▶ Work to complete
Take the lines below from the one with "类似的还有飞利浦木质音箱,在" through the one with "Shockmount has a" and print only them, exactly. Don't print the pictures.

▶ Data under study
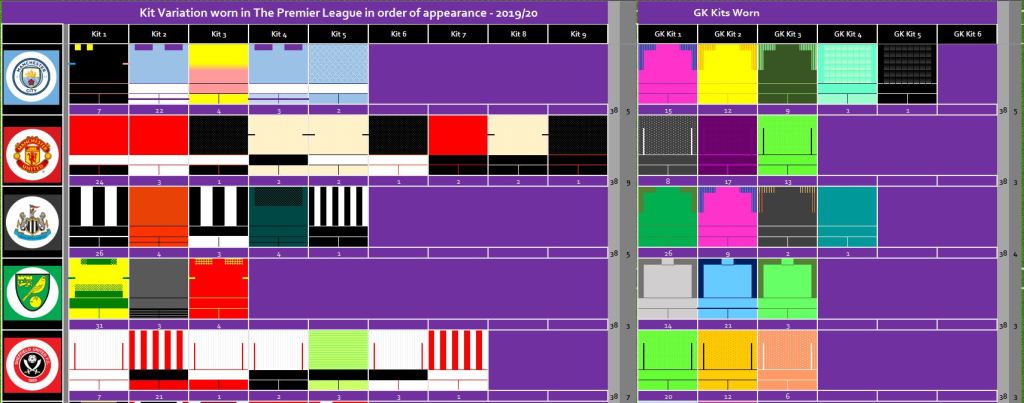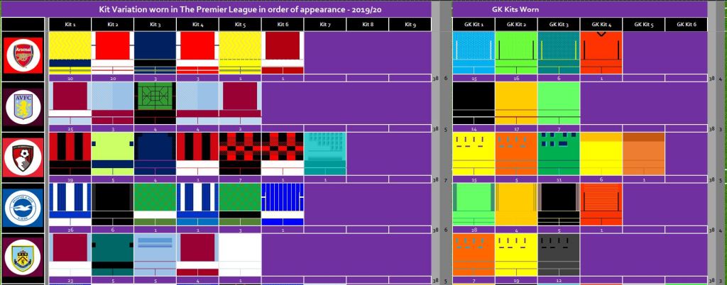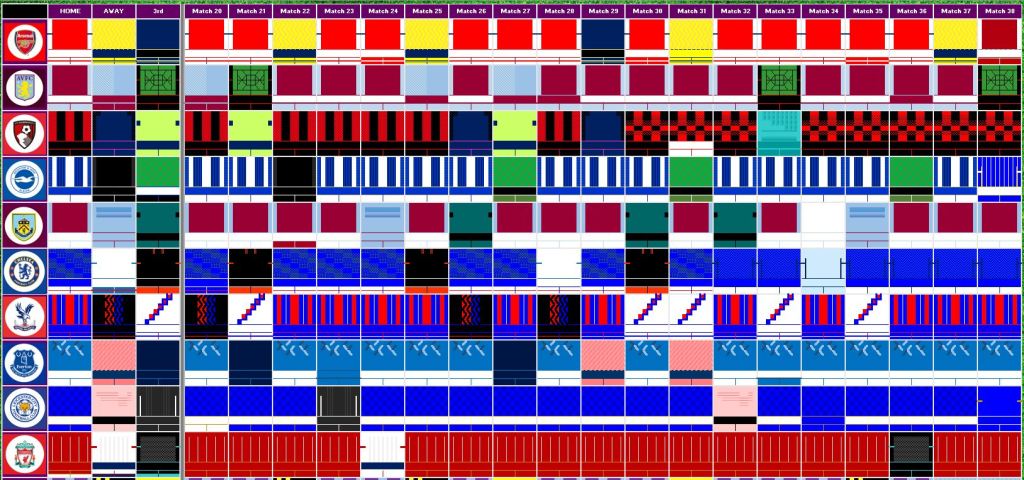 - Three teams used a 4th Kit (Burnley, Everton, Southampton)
...
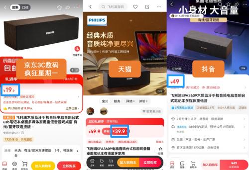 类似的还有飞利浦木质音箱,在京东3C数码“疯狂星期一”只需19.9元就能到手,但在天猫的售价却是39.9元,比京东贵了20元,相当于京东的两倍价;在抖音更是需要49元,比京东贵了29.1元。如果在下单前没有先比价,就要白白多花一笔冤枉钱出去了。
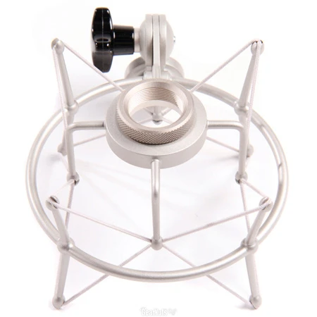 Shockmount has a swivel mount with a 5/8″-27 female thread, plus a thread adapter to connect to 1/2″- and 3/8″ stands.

▶ Output for this exercise
 类似的还有飞利浦木质音箱,在京东3C数码“疯狂星期一”只需19.9元就能到手,但在天猫的售价却是39.9元,比京东贵了20元,相当于京东的两倍价;在抖音更是需要49元,比京东贵了29.1元。如果在下单前没有先比价,就要白白多花一笔冤枉钱出去了。
 Shockmount has a swivel mount with a 5/8″-27 female thread, plus a thread adapter to connect to 1/2″- and 3/8″ stands.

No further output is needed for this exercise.